Bloomberg noted, also, that “Morgan Stanley economists predict that if the U.S. puts 25% tariffs on all Chinese imports for four to six months and the country hits back, a global economic contraction is likely within three quarters. The tensions also extend beyond the U.S and China to include Japan and South Korea as well as Britain’s future relationship with the European Union. It is bad news in significant spots; big, influential spots.”
From New Zealand to Thailand to India, Central Banks rush to lower interest rates in efforts to stave off recessionary fears. It’s as if there is a concerted response to the call for interest rate action to stave off pending crises.
To compound matters, the Russians are distancing from the US dollar, and the Chinese allowed its yuan to plummet, with more of the same alleged manipulation to follow.
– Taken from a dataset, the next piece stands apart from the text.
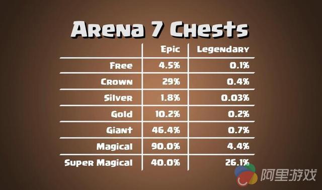 第一列数据是紫卡的掉率数据,第二列是传奇卡的掉率,从上往下分别是免费箱子、皇冠箱子、白银宝箱、黄金宝箱、巨型宝箱、神奇箱子、超神箱子。有一些玩家在普通箱子也能开到传奇卡,这概率,仅仅只是0.1%,但超神箱子还是有26%的概率, 会开到传奇卡,概率还是很高的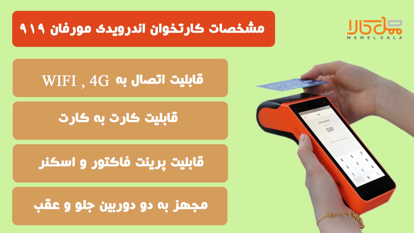 کارتخوان سیار مورفان 919 با طراحی مدرن و بسیار جذاب خود علاوه بر بهرهمندی از سختافزار پرقدرت به سیستمعامل اندرویدی نیز مجهز شده است. مورفان 919 با وجود صفحهنمایش بزرگ و حافظه داخلی و رم یک گیگابایتی یکی از بهترین دستگاه پوز های موجود در بازار بشمار میآید. همچنین لازم به ذکر است که کاغذ مورداستفاده در این مدل رول 58 میلیمتری است.

An added complication is the U.S. Treasury’s decision this week to label China a currency manipulator after China allowed the yuan to weaken past 7 against the dollar for the first time since 2008.
“With no end in sight, there are significant downside risks to our forecasts for U.S. and global growth,” Bank of America Corp. economists warned clients this week. “If the trade war escalates — this could include a more explicit currency war — uncertainty would be considerably higher and financial conditions much tighter.” As always, a lot depends on consumer and corporate confidence.
Meanwhile, the British grapple with Brexit with no clear path finalized. And the Straits of Hormuz remain subject to the spark that could unleash the unthinkable and the strangling.
There is a gathering storm: trade wars, fears of wars, routs in the major market indexes, negative bond yield territory, and the stampede towards time-favored recession safe harbors are all ominous signs. With gold whipsawing in the $1500 per oz. range worries over a global slowdown multiply.
Still, Guyana fiddles along consumed by its power priorities. Warning indicators take a distant backseat. There are more important things in the domestic world that shove those out of consideration; things like politics, who will have the power, and who will control the money. The world doesn’t turn here.